What to work on —
A verbatim copy of the data below is the required output.

---------- Data extracts

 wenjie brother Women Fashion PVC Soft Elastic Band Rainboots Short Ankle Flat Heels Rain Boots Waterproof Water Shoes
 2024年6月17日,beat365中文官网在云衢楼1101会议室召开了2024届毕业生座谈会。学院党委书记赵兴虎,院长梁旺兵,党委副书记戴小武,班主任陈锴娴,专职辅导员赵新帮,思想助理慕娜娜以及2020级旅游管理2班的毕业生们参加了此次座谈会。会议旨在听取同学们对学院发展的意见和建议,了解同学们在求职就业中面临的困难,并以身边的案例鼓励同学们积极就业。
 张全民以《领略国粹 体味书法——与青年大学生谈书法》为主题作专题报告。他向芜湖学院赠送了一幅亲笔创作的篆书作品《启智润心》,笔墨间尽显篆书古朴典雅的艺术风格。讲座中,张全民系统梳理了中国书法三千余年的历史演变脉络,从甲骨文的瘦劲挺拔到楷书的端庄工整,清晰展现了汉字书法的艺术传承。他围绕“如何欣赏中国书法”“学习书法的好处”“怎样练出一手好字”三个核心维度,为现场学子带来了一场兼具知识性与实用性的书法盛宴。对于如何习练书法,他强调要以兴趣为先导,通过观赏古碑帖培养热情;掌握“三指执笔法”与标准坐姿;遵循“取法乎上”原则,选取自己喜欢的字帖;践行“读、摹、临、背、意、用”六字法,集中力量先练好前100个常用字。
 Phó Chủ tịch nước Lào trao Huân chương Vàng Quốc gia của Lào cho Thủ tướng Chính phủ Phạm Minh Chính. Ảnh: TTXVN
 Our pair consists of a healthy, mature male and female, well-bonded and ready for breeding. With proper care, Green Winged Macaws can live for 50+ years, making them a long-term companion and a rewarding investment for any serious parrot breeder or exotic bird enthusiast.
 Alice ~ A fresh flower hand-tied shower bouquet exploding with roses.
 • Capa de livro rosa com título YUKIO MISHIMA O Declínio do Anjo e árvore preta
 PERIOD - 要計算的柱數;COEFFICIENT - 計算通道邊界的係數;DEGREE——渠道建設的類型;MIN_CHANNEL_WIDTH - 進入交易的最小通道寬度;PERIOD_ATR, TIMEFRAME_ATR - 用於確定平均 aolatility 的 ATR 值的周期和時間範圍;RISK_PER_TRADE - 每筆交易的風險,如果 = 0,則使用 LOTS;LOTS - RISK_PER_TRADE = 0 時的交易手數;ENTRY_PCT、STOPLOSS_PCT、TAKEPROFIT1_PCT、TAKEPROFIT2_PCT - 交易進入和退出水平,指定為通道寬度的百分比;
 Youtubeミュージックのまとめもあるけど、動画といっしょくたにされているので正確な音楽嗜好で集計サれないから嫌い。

--------------------

Output for this exercise —
 wenjie brother Women Fashion PVC Soft Elastic Band Rainboots Short Ankle Flat Heels Rain Boots Waterproof Water Shoes
 2024年6月17日,beat365中文官网在云衢楼1101会议室召开了2024届毕业生座谈会。学院党委书记赵兴虎,院长梁旺兵,党委副书记戴小武,班主任陈锴娴,专职辅导员赵新帮,思想助理慕娜娜以及2020级旅游管理2班的毕业生们参加了此次座谈会。会议旨在听取同学们对学院发展的意见和建议,了解同学们在求职就业中面临的困难,并以身边的案例鼓励同学们积极就业。
 张全民以《领略国粹 体味书法——与青年大学生谈书法》为主题作专题报告。他向芜湖学院赠送了一幅亲笔创作的篆书作品《启智润心》,笔墨间尽显篆书古朴典雅的艺术风格。讲座中,张全民系统梳理了中国书法三千余年的历史演变脉络,从甲骨文的瘦劲挺拔到楷书的端庄工整,清晰展现了汉字书法的艺术传承。他围绕“如何欣赏中国书法”“学习书法的好处”“怎样练出一手好字”三个核心维度,为现场学子带来了一场兼具知识性与实用性的书法盛宴。对于如何习练书法,他强调要以兴趣为先导,通过观赏古碑帖培养热情;掌握“三指执笔法”与标准坐姿;遵循“取法乎上”原则,选取自己喜欢的字帖;践行“读、摹、临、背、意、用”六字法,集中力量先练好前100个常用字。
 Phó Chủ tịch nước Lào trao Huân chương Vàng Quốc gia của Lào cho Thủ tướng Chính phủ Phạm Minh Chính. Ảnh: TTXVN
 Our pair consists of a healthy, mature male and female, well-bonded and ready for breeding. With proper care, Green Winged Macaws can live for 50+ years, making them a long-term companion and a rewarding investment for any serious parrot breeder or exotic bird enthusiast.
 Alice ~ A fresh flower hand-tied shower bouquet exploding with roses.
 • Capa de livro rosa com título YUKIO MISHIMA O Declínio do Anjo e árvore preta
 PERIOD - 要計算的柱數;COEFFICIENT - 計算通道邊界的係數;DEGREE——渠道建設的類型;MIN_CHANNEL_WIDTH - 進入交易的最小通道寬度;PERIOD_ATR, TIMEFRAME_ATR - 用於確定平均 aolatility 的 ATR 值的周期和時間範圍;RISK_PER_TRADE - 每筆交易的風險,如果 = 0,則使用 LOTS;LOTS - RISK_PER_TRADE = 0 時的交易手數;ENTRY_PCT、STOPLOSS_PCT、TAKEPROFIT1_PCT、TAKEPROFIT2_PCT - 交易進入和退出水平,指定為通道寬度的百分比;
 Youtubeミュージックのまとめもあるけど、動画といっしょくたにされているので正確な音楽嗜好で集計サれないから嫌い。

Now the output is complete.